Hydroxytyrosol is an organic compound with the formula (HO)2C6H3CH2CH2OH. It is a phenylethanoid, i.e. a relative of phenethyl alcohol. Its derivatives are found in a variety of natural sources, notably olive oils and wines. Hydroxytyrosol is a colorless solid, although samples often turn beige during storage. It is a derivative, formally speaking, of catechol.

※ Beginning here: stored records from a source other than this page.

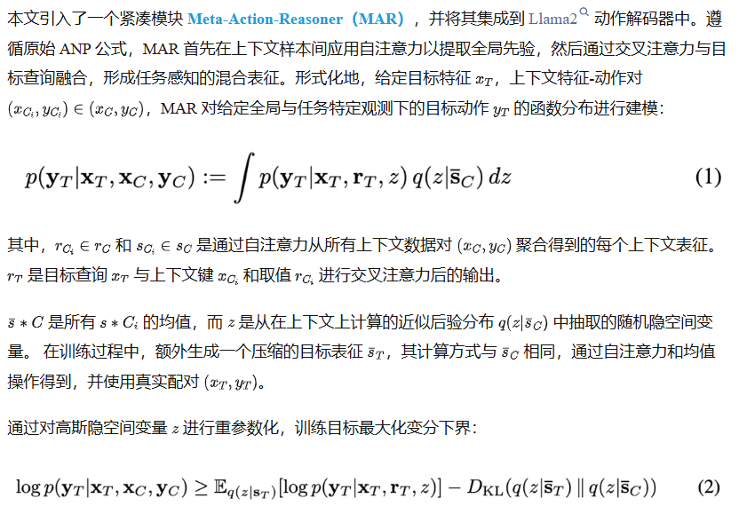 不同于使用小规模神经网络的标准 ANP,集成了来自 OpenVLA 的预训练 Llama2 主干。MAR 同时生成随机与确定性的上下文潜在向量,并在最终输出层之前与 Llama 的隐藏状态进行拼接。组合后的表征随后通过语言模型头(LM head)产生输出 logits,从而可通过标准的 Llama 解码实现端到端训练。框架概览见下图2。
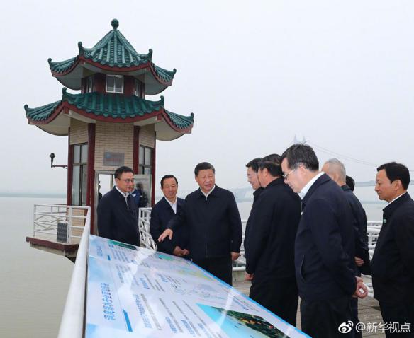 2018年4月25日,習(xí)近平考察被譽(yù)為洞庭湖及長(zhǎng)江流域水情“晴雨表”的城陵磯水文站。圖片來源:新華社
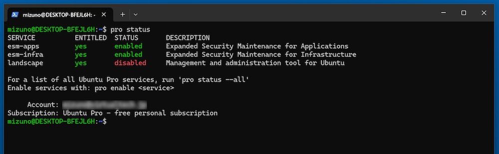 標準で5年使えるものの、そのセキュリティサポートが一部のパッケージに限定されていたのはLTS版のUbuntuにおける弱点の1つでしたが、Ubuntu Proを使えばDebian GNU/Linux譲りの膨大なパッケージでもセキュリティサポートを受けることができます。本記事で紹介した通り、個人利用であれば5台まで無料でUbuntu Proを体験できます。universeのパッケージにセキュリティアップデートが提供されるだけでも、非常に大きなメリットです。ぜひ、ご家庭のサーバーや作業用のWSL環境で試してみてください。
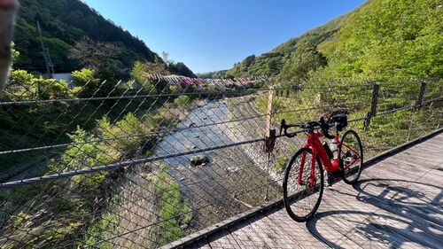板室温泉では鯉のぼりが川の上を泳いでしました。 コナミの風車も遠くに残雪があり良い感じです。 温泉神社に着きました。まだ桜が咲いていました。 恋人の聖地です 今年はじめての峠の茶屋です。 帰り道スダコーヒーによりました。あとから思ったのですがぎ…
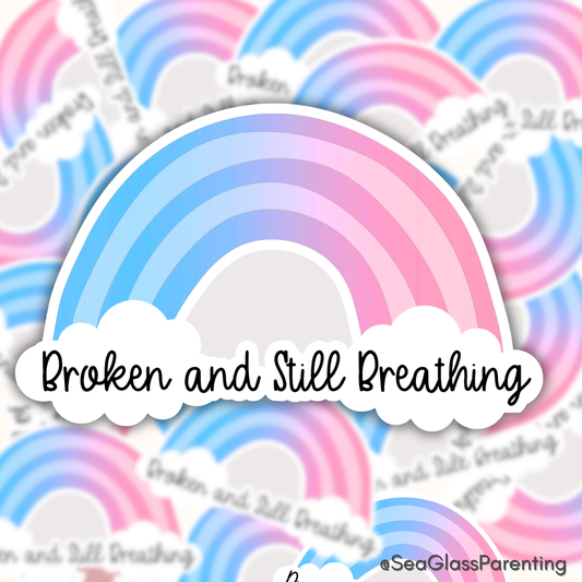 Broken and still breathing—Life metaphor (vinyl sticker)

Hydroxytyrosol and its derivatives occur in olives and in wines.

==Occurrence==
===Olives===

Oleuropein, bitter compound, an ester of hydroxytyrosol found in green olive skin

The olives, leaves, and olive pulp contain large amounts of hydroxytyrosol derivative oleuropein, more so than olive oil. Unprocessed, green (unripe) olives contain between 4.3 and 116 mg of hydroxytyrosol per 100 g of olives, while unprocessed, black (ripe) olives contain up to 413.3 mg per 100 g. The ripening of an olive substantially increases the amount of hydroxytyrosol. Processed olives, such as the common canned variety containing iron(II) gluconate, contain little hydroxytyrosol, as iron salts are catalysts for its oxidation.

=== Food safety ===
Hydroxytyrosol is considered safe as a novel food for human consumption, with a no-observed-adverse-effect level of 50 mg/kg body weight per day, as evaluated by the European Food Safety Authority (EFSA).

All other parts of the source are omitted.